The required output is the stretch from the line containing "Q: Is the Toshiba" through the line containing "22.10.1900: Feldpost-Karte aus" in the records below, unaltered and with no pictures.

Top of DATA TO EXAMINE

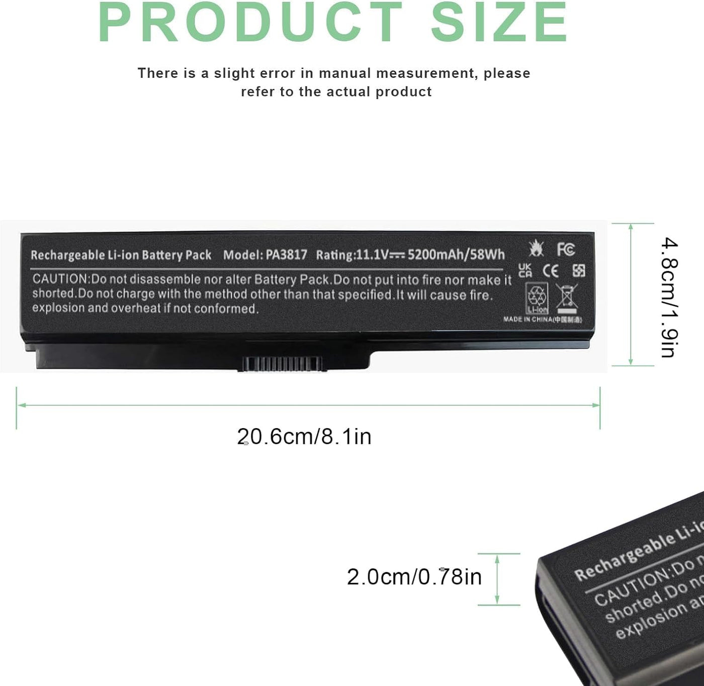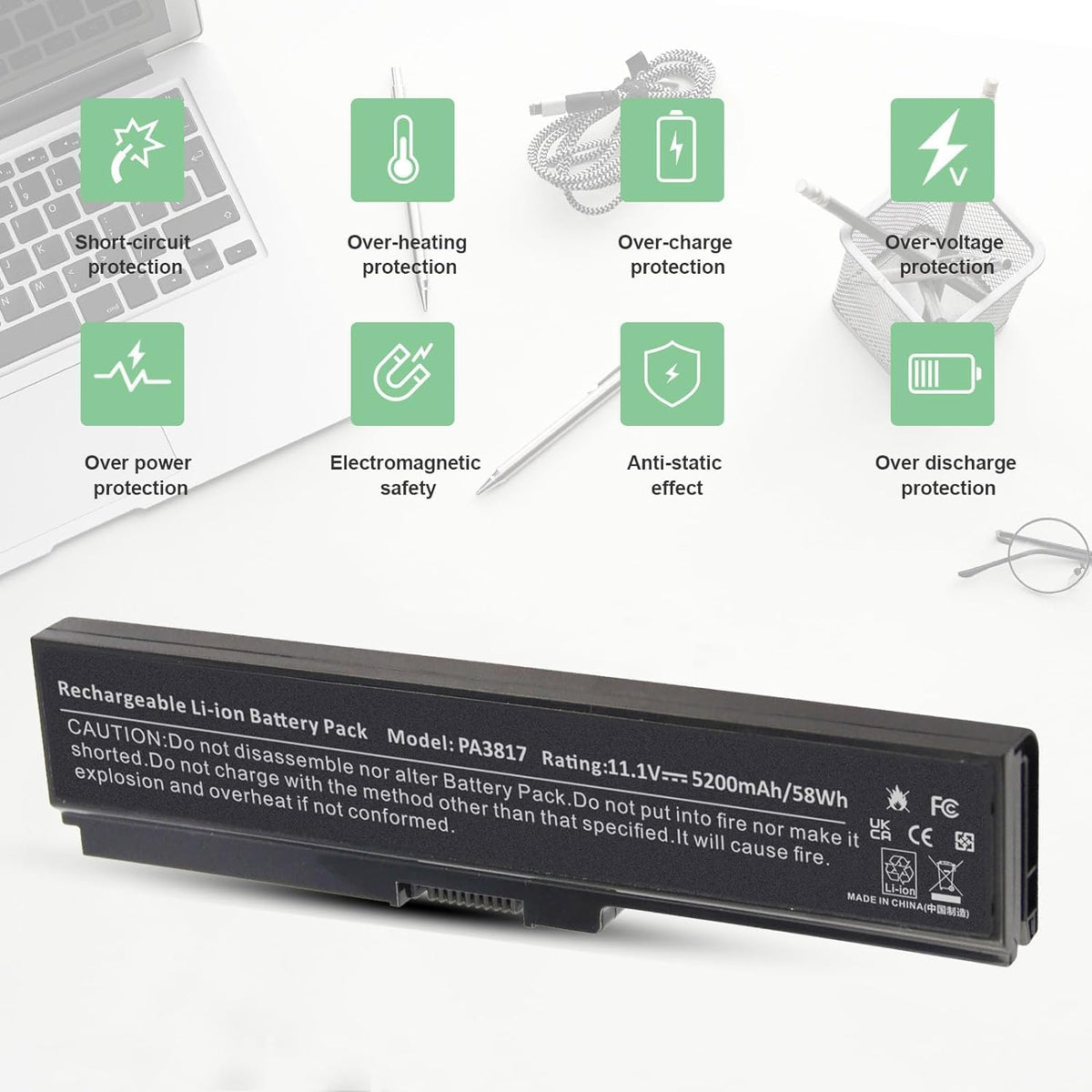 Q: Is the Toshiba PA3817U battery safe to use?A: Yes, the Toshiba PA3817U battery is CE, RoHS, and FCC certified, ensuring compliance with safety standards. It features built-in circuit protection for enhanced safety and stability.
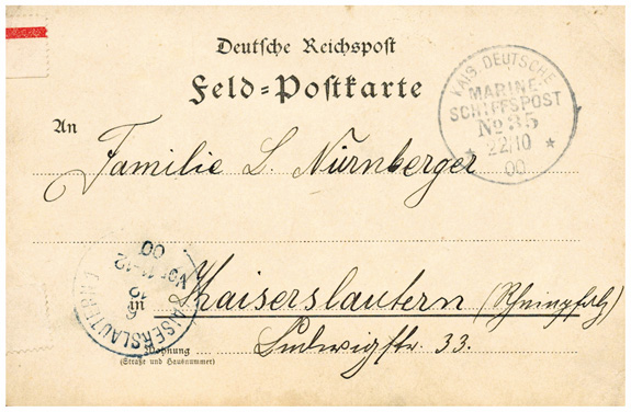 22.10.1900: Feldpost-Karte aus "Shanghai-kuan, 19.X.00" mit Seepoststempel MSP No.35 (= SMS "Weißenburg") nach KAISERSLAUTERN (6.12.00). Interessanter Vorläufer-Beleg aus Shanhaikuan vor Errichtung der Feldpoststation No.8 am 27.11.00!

Bottom of DATA TO EXAMINE
Top of DATA TO EXAMINE

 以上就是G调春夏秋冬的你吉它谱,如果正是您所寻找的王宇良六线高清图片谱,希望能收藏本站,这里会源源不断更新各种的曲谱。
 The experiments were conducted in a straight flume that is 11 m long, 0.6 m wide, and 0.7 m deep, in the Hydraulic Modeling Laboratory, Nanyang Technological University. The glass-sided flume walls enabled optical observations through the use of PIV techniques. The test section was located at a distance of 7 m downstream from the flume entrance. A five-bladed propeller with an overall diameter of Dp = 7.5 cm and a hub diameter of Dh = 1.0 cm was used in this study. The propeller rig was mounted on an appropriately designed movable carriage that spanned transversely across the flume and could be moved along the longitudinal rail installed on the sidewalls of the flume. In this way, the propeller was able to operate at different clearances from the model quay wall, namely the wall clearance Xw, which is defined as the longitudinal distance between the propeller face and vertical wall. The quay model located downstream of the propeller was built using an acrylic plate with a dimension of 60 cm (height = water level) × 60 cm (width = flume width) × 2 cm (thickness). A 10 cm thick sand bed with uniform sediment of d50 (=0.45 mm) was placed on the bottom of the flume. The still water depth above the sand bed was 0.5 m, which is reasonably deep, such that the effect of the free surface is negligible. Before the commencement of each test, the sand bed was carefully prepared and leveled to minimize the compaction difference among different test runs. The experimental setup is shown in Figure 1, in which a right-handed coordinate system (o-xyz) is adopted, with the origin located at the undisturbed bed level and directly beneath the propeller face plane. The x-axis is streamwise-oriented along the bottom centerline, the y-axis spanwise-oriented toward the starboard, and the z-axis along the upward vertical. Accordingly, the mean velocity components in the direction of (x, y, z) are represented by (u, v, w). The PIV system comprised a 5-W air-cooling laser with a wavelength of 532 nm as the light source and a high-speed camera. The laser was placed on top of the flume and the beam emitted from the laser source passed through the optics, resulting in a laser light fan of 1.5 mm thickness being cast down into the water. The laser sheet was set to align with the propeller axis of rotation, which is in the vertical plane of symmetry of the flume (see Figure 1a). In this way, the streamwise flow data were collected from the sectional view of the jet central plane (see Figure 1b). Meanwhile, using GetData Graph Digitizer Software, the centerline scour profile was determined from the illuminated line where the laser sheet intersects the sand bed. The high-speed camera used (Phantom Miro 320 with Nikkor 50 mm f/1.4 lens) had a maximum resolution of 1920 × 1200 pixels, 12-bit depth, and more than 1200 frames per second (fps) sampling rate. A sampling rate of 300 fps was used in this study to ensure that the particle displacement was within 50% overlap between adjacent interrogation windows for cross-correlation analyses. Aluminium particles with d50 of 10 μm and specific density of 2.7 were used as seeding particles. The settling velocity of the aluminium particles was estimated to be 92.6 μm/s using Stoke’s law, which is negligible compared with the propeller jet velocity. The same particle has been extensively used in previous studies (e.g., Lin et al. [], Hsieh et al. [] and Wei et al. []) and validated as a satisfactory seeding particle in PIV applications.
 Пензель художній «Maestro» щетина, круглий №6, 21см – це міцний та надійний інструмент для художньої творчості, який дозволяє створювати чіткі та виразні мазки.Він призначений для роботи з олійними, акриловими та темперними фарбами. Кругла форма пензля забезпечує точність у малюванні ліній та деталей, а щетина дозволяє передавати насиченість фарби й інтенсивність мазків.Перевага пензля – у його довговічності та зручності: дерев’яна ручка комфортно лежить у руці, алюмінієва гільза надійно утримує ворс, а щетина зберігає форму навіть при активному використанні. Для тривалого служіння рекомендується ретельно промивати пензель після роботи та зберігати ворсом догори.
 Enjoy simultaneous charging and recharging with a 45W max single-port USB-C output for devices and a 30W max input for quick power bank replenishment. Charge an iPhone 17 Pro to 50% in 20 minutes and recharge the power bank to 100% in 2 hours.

Bottom of DATA TO EXAMINE
Top of DATA TO EXAMINE

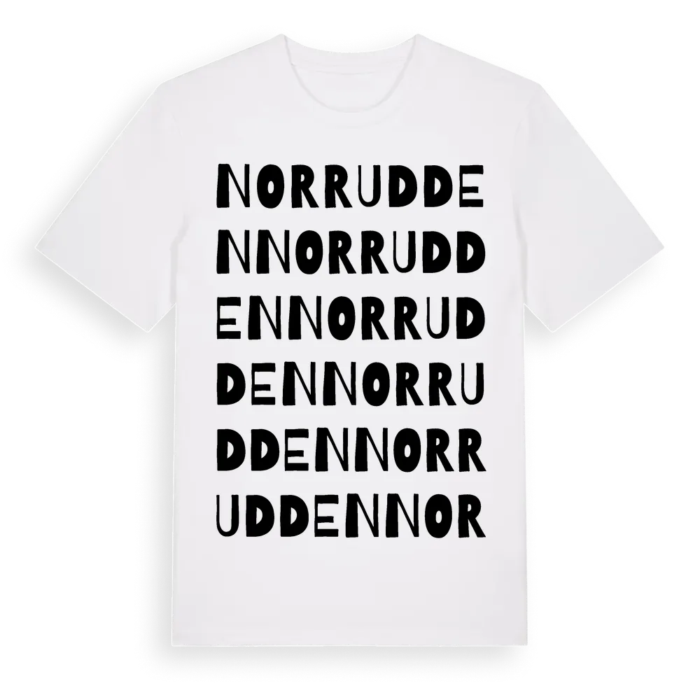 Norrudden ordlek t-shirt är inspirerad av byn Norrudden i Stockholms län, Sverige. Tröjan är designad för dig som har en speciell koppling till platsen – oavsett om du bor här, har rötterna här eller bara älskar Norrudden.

Bottom of DATA TO EXAMINE

OUTPUT BELOW:
 Q: Is the Toshiba PA3817U battery safe to use?A: Yes, the Toshiba PA3817U battery is CE, RoHS, and FCC certified, ensuring compliance with safety standards. It features built-in circuit protection for enhanced safety and stability.
 22.10.1900: Feldpost-Karte aus "Shanghai-kuan, 19.X.00" mit Seepoststempel MSP No.35 (= SMS "Weißenburg") nach KAISERSLAUTERN (6.12.00). Interessanter Vorläufer-Beleg aus Shanhaikuan vor Errichtung der Feldpoststation No.8 am 27.11.00!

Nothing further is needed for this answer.